Bodies discovered in a pit near Liverpool underwent DNA testing, leading scientists to a massive discovery.
Crossrail reported a burial pit contained as many as 100 bodies.
Of those bodies, archaeologists removed 42 individuals, five of whom were exposed to Yersinia pestis, otherwise known as the bubonic plague.
The mass grave was dated between 1650 and 1670 with help from pottery, glass and coffin handles.
DNA testing revealed the Great Bubonic Plague of 1665, the last major bubonic plague epidemic in Britain that killed 100,000 Londoners, was truly caused by Yersinia pestis.
It has long been believed the bubonic plague was responsible for the deaths of the majority of London’s population but until this discovery, there was no solid evidence.
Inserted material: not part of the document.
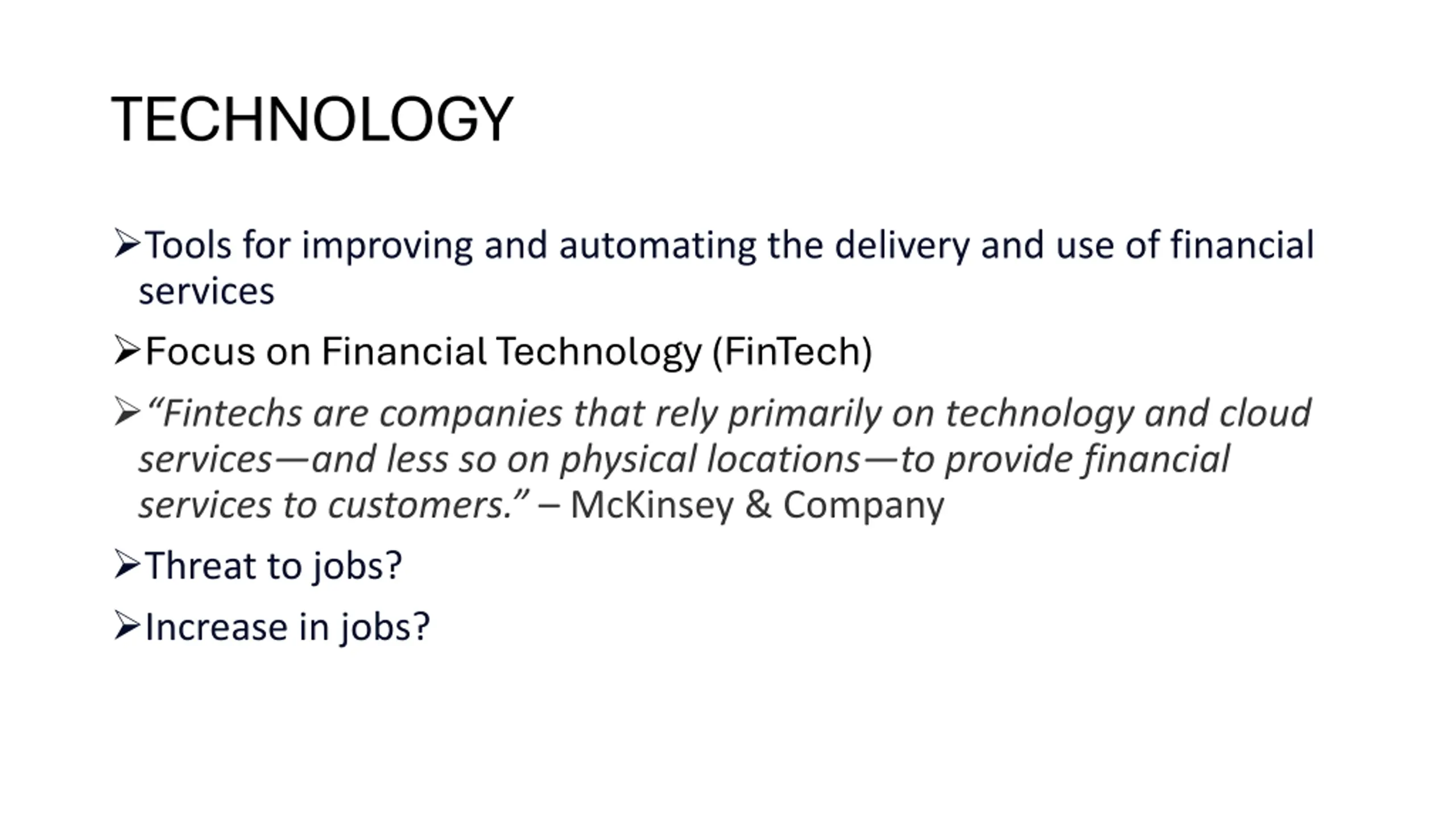 TECHNOLOGY Tools for improving and automating the delivery and use of financial services Focus on Financial Technology (FinTech) Fintechs are companies that rely primarily on technology and cloud services and less so on physical locations to provide financial services to customers. McKinsey & Company Threat to jobs? Increase in jobs?

Jay Carver, the Crossrail Lead Archaeologist, stated: “The Crossrail project has given archaeologists a rare opportunity to study previously inaccessible areas of London. The discovery of the ancient DNA, which has eluded scientists for so long, is yet another piece of the jigsaw that we are piecing together to learn more about the lives and deaths of 16th to 18th Century Londoners.”
Don Walker, the Senior Osteologist at MOLA, reported: “This is a hugely significant discovery as it is the first identification of ancient DNA from the 1665 Great Plague in Britain. This discovery has the potential to greatly enhance scientist’s understanding of the disease and coupled with detailed research of the skeletons reveal more about this devastating epidemic and the lives of its victims.”
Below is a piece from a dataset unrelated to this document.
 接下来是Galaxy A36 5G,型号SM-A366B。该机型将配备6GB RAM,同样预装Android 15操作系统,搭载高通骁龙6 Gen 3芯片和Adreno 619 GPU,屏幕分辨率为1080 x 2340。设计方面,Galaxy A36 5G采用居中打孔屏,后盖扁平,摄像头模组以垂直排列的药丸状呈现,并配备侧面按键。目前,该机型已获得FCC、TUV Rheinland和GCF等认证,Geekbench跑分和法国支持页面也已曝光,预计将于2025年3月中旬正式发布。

Finally, Vanessa Harding, a professor of London History, Birkbeck, and the University of London, said: “This is a very exciting finding, for the history of London, the history of disease, and the history of burial. It confirms that Yersinia pestis was present in early modern London plague epidemics, and links them epidemiologically with the 14th-Century Black Death and the 1720 Marseille plague.
“We still need, however, to understand why the disease manifested itself in so many different ways, and whether other pathogens made a significant contribution to these epidemics. The excavation also underlines the strength of custom and order in time of crisis, showing that plague burial, even in mass graves, could be controlled and orderly, with bodies in coffins laid neatly on each other – not quite the shamolic ‘plague pit’ of popular discourse.”
Though Yersinia pestis was once responsible for the deaths of thousands of people, today it is easily treated with a course of antibiotics.